# Mamdooh



## moura

Hi, 
I am translating an English novel, whose scenarium is Cairo. In it there is a native person who is called (in English) by Mamdooh. I don't know if this name is a translation of an original arabic name to English or whether it is a native name. 
Could you help about this, please?


----------



## Josh_

Mamdooh is an Arabic word -- it is spelled ممدوح  and means "praised."  As for its use as a name I don't know, but its synonym, which is actually formed by rearranging a few letters, is a common name -- محمود Mahmood (commonly spelled Mahmoud in English).


----------



## CarlosPerezMartinez

Mamdooh ( ممدوح ) is a common Arabic name of person. It is less used than Muhammad or Abdullah but it is still quite common.


----------



## moura

Thank you Josh and Carlos. I must confess you that I was tempted to "translate" this name to Portuguese, as the translation is to this language, as Mamud, but I was afraid I was doing something very wrong and I couldn't found in the internet in Portugal a Mamud. So it wil stay as Mamdooh.
Regards


----------



## Arrius

Mamdooh is a common form of the name among West African Moslems.


----------



## moura

Thank you also, Arrius.


----------



## elroy

I would not consider ممدوح and محمود synonyms.

The former means "praised" as in "flattered" or "complimented" whereas the latter means "praised" as in "worshiped" or "glorified."

.مَدَحْتُ (وليس "حَمَدْتُ") سعاد على إتقانها البارع في التمثيلية
.أحْمَدُ (وليس "أمْدَحُ") الله وأسبحه


----------



## Josh_

The discussion of what constitutes a synonym has been hashed out before so no need to review it here.  Anyway, all the dictionaries I check give them meaning pretty much the same thing.  The Hans Wehr, for example, used the exact same English terms (to praise, commend, laud, extol) for both terms.  E.W. Lane's dictionary, which gives thorough analysis to each root therein, says of the verb, as well as the usual definitions,l "حمد also implies admiration: and it implies the magnifying, or honoring of the object thereof; and lowliness, humility, or submissiveness, in the person who offers it, as in the saying of the afflicted, الحمد الله ; since in this case there is no worldly blessing, favor, or benefit."

Lane also said, concerning the idea that حمد is a transposition of مدح ,"but it is of less common application than the latter verb."  I take that to mean that مدح is used commonly (mundanely) moreso than حمد .
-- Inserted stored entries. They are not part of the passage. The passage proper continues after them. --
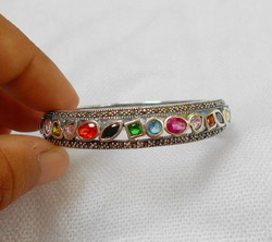 กำไลเงินแท้ 92.5 ประดับพลอย+แมกกาไซด์รอบวง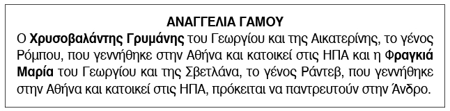 Αναγγελία γάμου για Χρυσοβαλάντη Γρυμάνη και Φραγκιά Μαρία Κείμενο Βλέπε εικόνα. Αριθμός Φύλλου: 6366 Κατηγορία: Αναγγελία Γάμου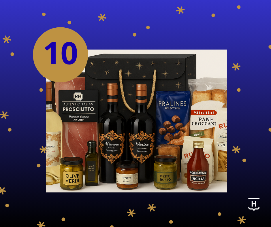 In het cadeaupakket vind je: 1 fles Velarino Susumaniello Puglia 750 ML | 1 fles Velarino Nero di Troja Puglia 750 ML | 1 fles Velarino Vermentino Puglia 750 ML | 1 pak Rumo Penne Rigate no. 28 500 GR | 1 fles Agromonte Authentieke Pastasaus Sicilië | 1 flesje Olijfolie | 1 potje Groene Olijven zonder pit | 1 potje Pesto Verde | 1 potje Pesto Rosso | 1 pak Stiratini Pane Crocante | 1 zak Maitre Truffout Pralines Selection 300 GR

Anyway, it seems to me that they have pretty much the same denotative meaning, but their connotative meanings are different.  حمد is used more in conjunction with God, and  مدح is, as far as I know, never used to talk about God, and has more mundane applications.   This, I already knew before posting.

Even if one denies that they can be synonyms one can't deny the fact that both roots are composed of the same letters in different positions.  I at least think this is an interesting fact.  I have noticed this a few verbs that exhibit a trait like this -- same root letters, different position.  The only one I can think of off hand is حفر and the Egyptian Arabic فحر which both mean to dig, among other things.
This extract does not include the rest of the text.